Le silence religieux qui accompagnait chaque mot de l'Esprit de Famille s'alourdit. Les Mirages les plus fardés, les plus emperruqués, ceux qui affichaient l'expression la plus emplie de dévotion, tournèrent leur visage fariné vers Thorn. Leur expression devint mauvaise, leur regard venimeux tandis qu'il s'approchait de l'estrade dressée au bout du jeu d'oie. Leur territoire. Il était aussi grand qu'ils étaient petits, aussi maigre qu'ils étaient gras, aussi sombre qu'ils étaient éclatants, aussi bâtard qu'ils étaient nobles. Mais pouvaient-ils faire autrement que de regarder cet infect et sinistre parvenu s'avancer vers Farouk et grappiller leurs privilèges ? Leur Seigneur était obnubilé par ce garçon depuis quelques semaines, presque autant qu'il l'était par sa favorite Berenilde. Il fallait être profondément naïf pour croire que cet intérêt soudain pour le neveu de sa courtisane sortait de nul part. Mais le plus rageant était l'éternelle absence d'émotion sur le visage de cet insolent gamin. N'avait-il rien à faire de ce qu'ils pensaient de lui ?

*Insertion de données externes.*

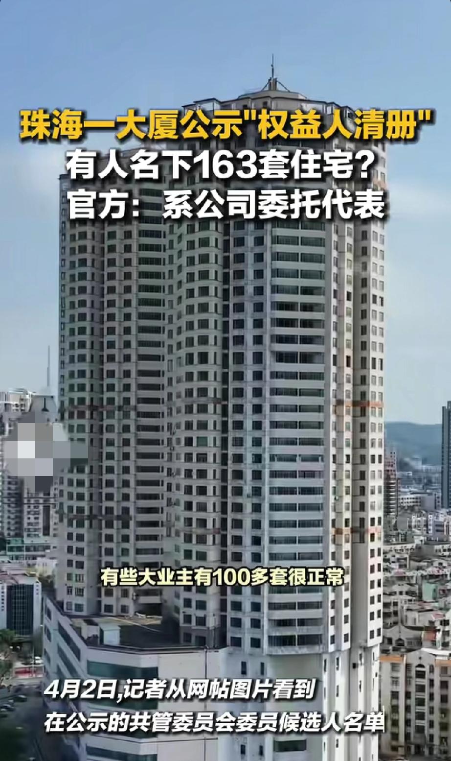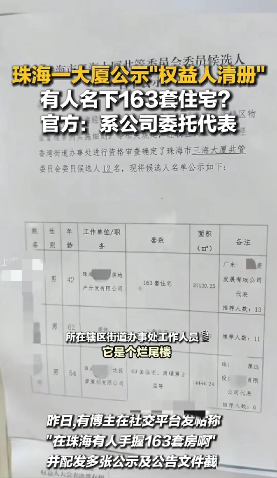 珠海一大厦公示“权益人清册”,一人名下显示163套住宅引热议,官方回应:系公司委托代表,并非个人持有,该大厦为烂尾楼拟拆除重建。 珠海三海大厦公示“权益人清册”可太炸锅了!一人名下163套住宅,总面积超2.1万平方米。要知道,普通家庭为一套房奔波半生,这差距简直天壤之别,网友们瞬间炸开了锅,各种猜测满天飞。 不过官方很快回应,这163套并非个人持有,而是广东一家投资公司的,公示候选人只是委托代表。这大厦是烂尾楼,停工近三十年,现在准备拆除重建。 这事也提醒咱,网络信息复杂,别轻信传言,得等官方通报,保持理性,才能看清真相。 珠海二手豪宅 金湾三灶房产 横琴湾三期 珠海一大厦 三期房产 珠海四化房子 珠海西区房产

Sur les dalles bicolores, Thorn avait l'impression d'être la tour noir d'un échiquier, se dirigeant vers le roi blanc. S'il gagnait toujours à ce jeu ennuyeux, cette fois pourtant il se laisserait prendre. Farouk, affalé dans son long manteau blanc, se redressa et abaissa sur Thorn son regard d'hiver.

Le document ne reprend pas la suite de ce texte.